The following is a list of the most commonly used tools and workbenches for machine learning. These are specific to machine learning only. This list does not include any library or frameworks. These are tools and workbenches only. Most offering machine learning tools will include the following features:

Easy drag and drop capabilities
Data collection
Data preparation and cleaning
Model building
Data Visualization
Model Deployment
Integration with other tools and languages

As more and more organizations implement machine learning, there are two core aims they want to achieve.

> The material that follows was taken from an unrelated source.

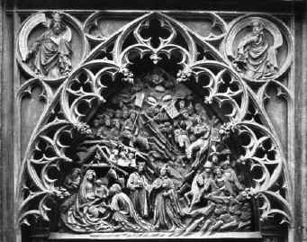 The Liebfrauenkirche (Church of our Lady) was donated by Wigel von Wanebach in the second decade of the 14th century. There is still a nice tombstone from 1322 inside the church. The original tiny building was enlarged in the 15th century. Only the south side was exposed (until the Liebfrauenstrasse was built to connect the square to the Zeil in 1855), and this remains its best side, with a proud row of windows, each with different late gothic fretwork. The roof was renewed in baroque times, and the little gables that topped the large windows were removed. The little east portal of 1415, on the south side was especially admired because of its fine depiction of the Adoration of the Magi. 2. Jahrzehnt des 14. Jh. von Wigel von Wanebach gestiftet; sein schöner Grabstein von 1322 im Innern der Kirche. Der ursprünglich nur sehr kleine Bau im 15. Jh. erweitert. Nur die Südseite lag frei - die Liebfrauenstraße ist erst 1855 nach der Zeil durchgebrochen -und zeigt als Schauseite eine prachtvolle Reihe großer Fenster mit höchst geistreichem, von Fenster zu Fenster wechselndem, spätgotischen Maßwerk. Das Dach mit dem Hauptgesims barock erneuert, dabei die Reihe der kleinen Zwerchgiebel, die sich ursprünglich über den Fenstern erhob, entfernt. Besonders bemerkenswert das kleine östliche Portal der Südseite mit einer reizvollen, fein und liebenswürdig erzählenden Anbetung der Könige im Bogenfeld, um 1415 entstanden.

Employee Productivity: Who wants to spend days or weeks writing mundane code to load data, clean data, etc etc etc. No one wants to do this and especially employers don’t want their staff wasting time on this. Instead they are happy to invest in tools and workbenches where a lot or most or all of these mundane tasks are automated for you. You can not concentrate on the important tasks of adding value to your organisation. This saves money, improves employee productivity and employee value.
Integration with Technical Architecture: Many of these tools and workbenches allow for easy integration with the technical architecture and thereby allowing easy and quick integration of machine learning withe the day to day activities of the organization. This saves money, improves employee productivity and employee value.

SAS

SAS software has been around for every and is the great grand-daddy of analytics and machine learning. They have built a large number of machine learning tools and solutions built upon these for various industries. Their core machine learning tools include SAS Enterprise Miner and SAS Visual Data Mining and Machine Learning.

Microsoft

Microsoft have been improving their Machine Learning offering over the years and most of this is based on the Azure cloud platform with Microsoft Azure Machine Learning Studio and Azure Databricks.

SAP

SAP Leonardo is a cloud based platform for machine learning and supports tight integration with other SAP software.

Oracle

Oracle have a number of machine learning tools and supports for the main machine learning languages. They have built a large number of applications (both cloud and on-premises) with in-built machine learning. Their main tools for machine learning include Oracle Data Miner, Oracle Machine Learning and Oracle Analytics (OAC or DVD versions)

Cloudera

If you work with hadoop and big data then you are probably using Cloudera in some way. Cloudera have hired Hilary Mason as their GM of ML. By taking an “AI factory” approach to turning data into decisions, you can make the process of building, scaling, and deploying enterprise ML and AI solutions automated, repeatable, and predictable—boring even. Cloudera Data Science Workbench is their solution.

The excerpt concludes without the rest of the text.